Editor's Picks

Capri Holdings Q4: Heavy EPS Miss and Weak Guidance

Capri Holdings (NYSE:CPRI) reported a disappointing Q4, with an EPS loss far exceeding expectations and guidance that falls short on revenue—raising questions about near‑term profit recovery.

Q4 Results: Significant EPS Shortfall, Modest Revenue Beat

  • GAAP EPS: –$4.90 vs. –$0.13 consensus (a $4.77 miss)

  • Revenue: $1.04 billion vs. $999.13 million estimate

This marks Capri’s largest EPS miss in recent history. Over the past eight quarters, Capri has beaten or missed estimates by an average of $0.45, per the Historical Earnings API, highlighting the severity of this quarter’s shortfall.

Disappointing 2026 Guidance

  • Q1 2026 EPS: $0.10–$0.15 (vs. $0.10 consensus)

  • Q1 2026 Revenue: $765–$780 million (vs. $959.9 million consensus)
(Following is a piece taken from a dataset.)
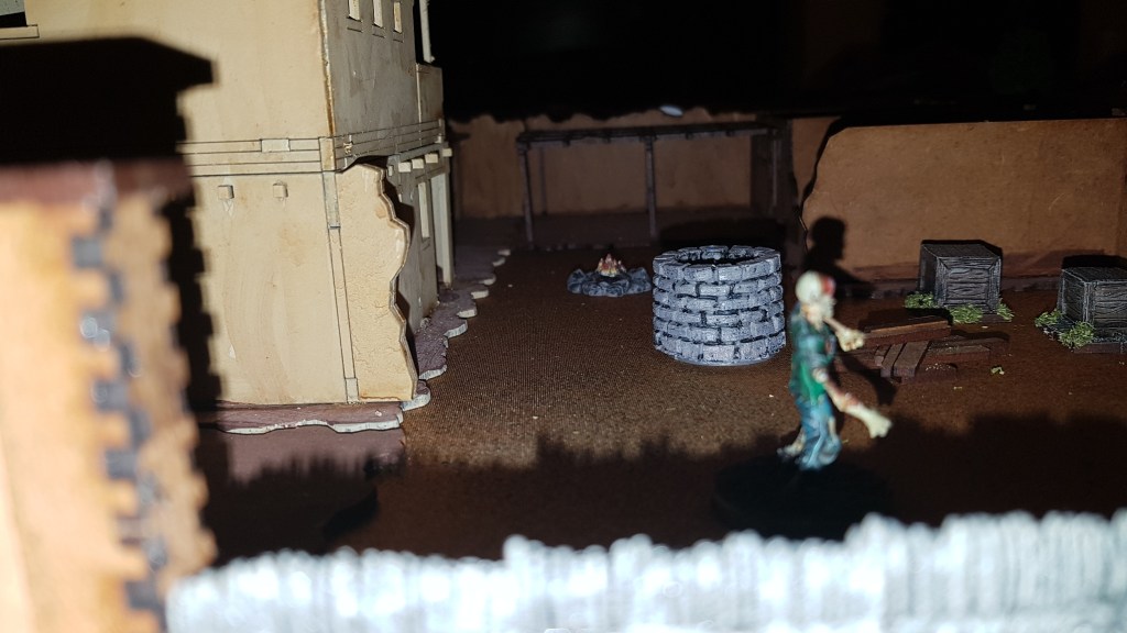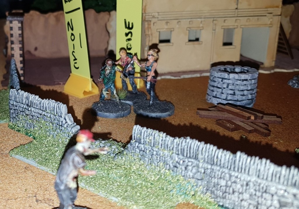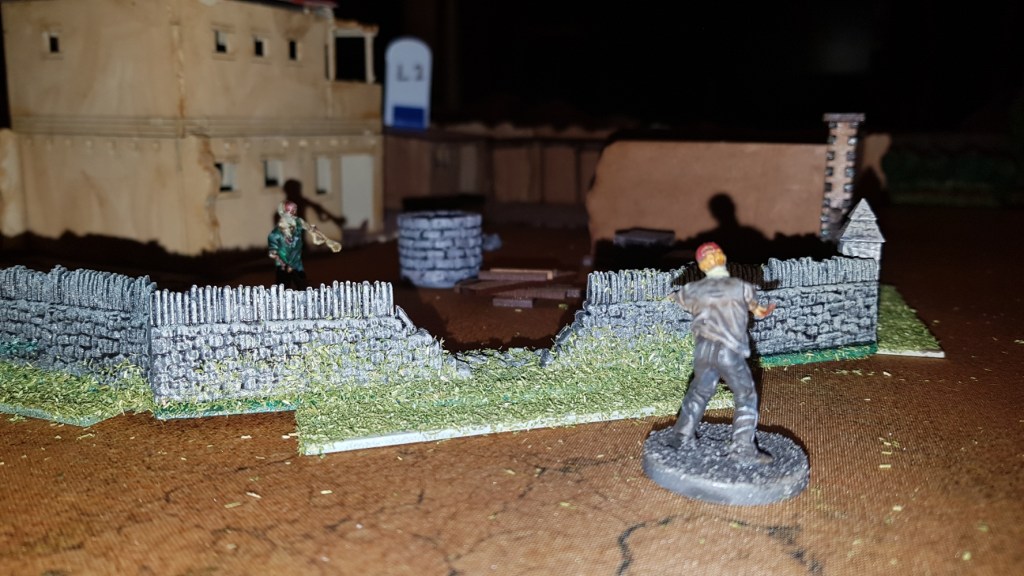 The other zombie is still moving to wards the other sound, 2Ap to climb over wall and 3″ towards the noise.

  • FY 2026 EPS: $1.20–$1.40 (vs. $1.06 consensus)

  • FY 2026 Revenue: $3.30–$3.40 billion (vs. $4.11 billion consensus)

The wide revenue gap underscores slowing wholesale orders and promotional pressure across Capri’s luxury brands.

Valuation Snapshot & Analyst Sentiment

Capri trades at approximately 8.5× trailing‑12‑month EBITDA—below the 11× apparel sector median—according to the Ratios TTM API. Despite the miss, the consensus price target is $25, implying about 42% upside from the $17.55 close, per the Price Target Summary API.

Credit Profile and Liquidity

Capri maintains an investment‑grade BBB– rating, with $1.2 billion in cash and equivalents to support operations through this downturn. See detailed credit metrics in FMP’s Company Rating & Information API.

What’s Next?

  • Earnings Calendar: Capri’s Q1 results are scheduled for August 12—add the date via the Earnings Calendar API.

  • Inventory and Order Trends: Monitor wholesale order backlogs and inventory turns for signals of recovery in fashion spending.

  • Margin Drivers: Watch for commentary on cost‑cutting initiatives and pricing power in upcoming calls.


With Capri’s shares down nearly 20% over three months, investors will be watching management’s execution on inventory control, promotional discipline, and cost leverage to gauge whether the company can close its valuation gap versus peers.